About this task ▸ For this exercise, retype the lines from the one that holds "Enjoy this beautiful, high-resolution" through the one that holds "The Mexico City" in the records below, both included, exactly and without pictures.

Records for this task ▸
┌──

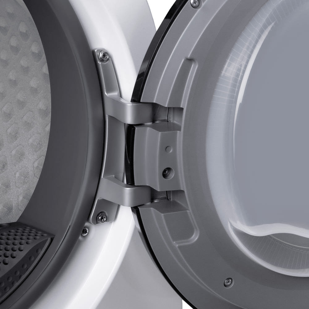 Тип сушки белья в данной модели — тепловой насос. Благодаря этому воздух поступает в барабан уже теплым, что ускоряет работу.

└──
┌──

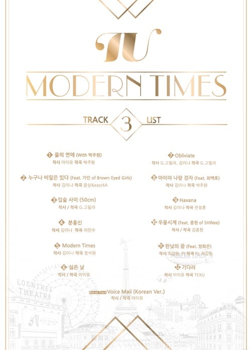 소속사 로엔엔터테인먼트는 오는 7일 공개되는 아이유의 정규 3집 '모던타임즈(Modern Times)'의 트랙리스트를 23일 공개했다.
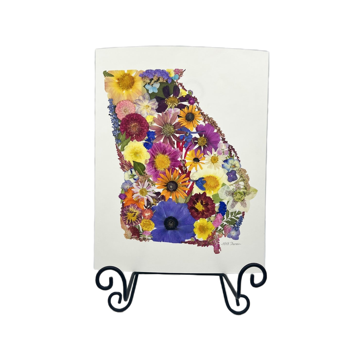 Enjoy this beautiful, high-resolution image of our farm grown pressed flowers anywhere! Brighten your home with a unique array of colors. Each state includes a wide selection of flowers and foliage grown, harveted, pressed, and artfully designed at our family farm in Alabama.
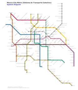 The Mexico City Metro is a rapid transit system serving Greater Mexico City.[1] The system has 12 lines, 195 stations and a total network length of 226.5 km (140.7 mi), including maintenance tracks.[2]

└──
┌──

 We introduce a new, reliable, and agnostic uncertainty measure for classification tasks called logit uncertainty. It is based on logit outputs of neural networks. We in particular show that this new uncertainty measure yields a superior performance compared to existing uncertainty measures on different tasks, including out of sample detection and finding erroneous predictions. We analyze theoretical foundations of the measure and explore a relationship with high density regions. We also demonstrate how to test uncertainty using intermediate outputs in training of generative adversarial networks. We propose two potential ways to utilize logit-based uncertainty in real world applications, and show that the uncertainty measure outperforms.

└──

Expected answer ▸
 Enjoy this beautiful, high-resolution image of our farm grown pressed flowers anywhere! Brighten your home with a unique array of colors. Each state includes a wide selection of flowers and foliage grown, harveted, pressed, and artfully designed at our family farm in Alabama.
 The Mexico City Metro is a rapid transit system serving Greater Mexico City.[1] The system has 12 lines, 195 stations and a total network length of 226.5 km (140.7 mi), including maintenance tracks.[2]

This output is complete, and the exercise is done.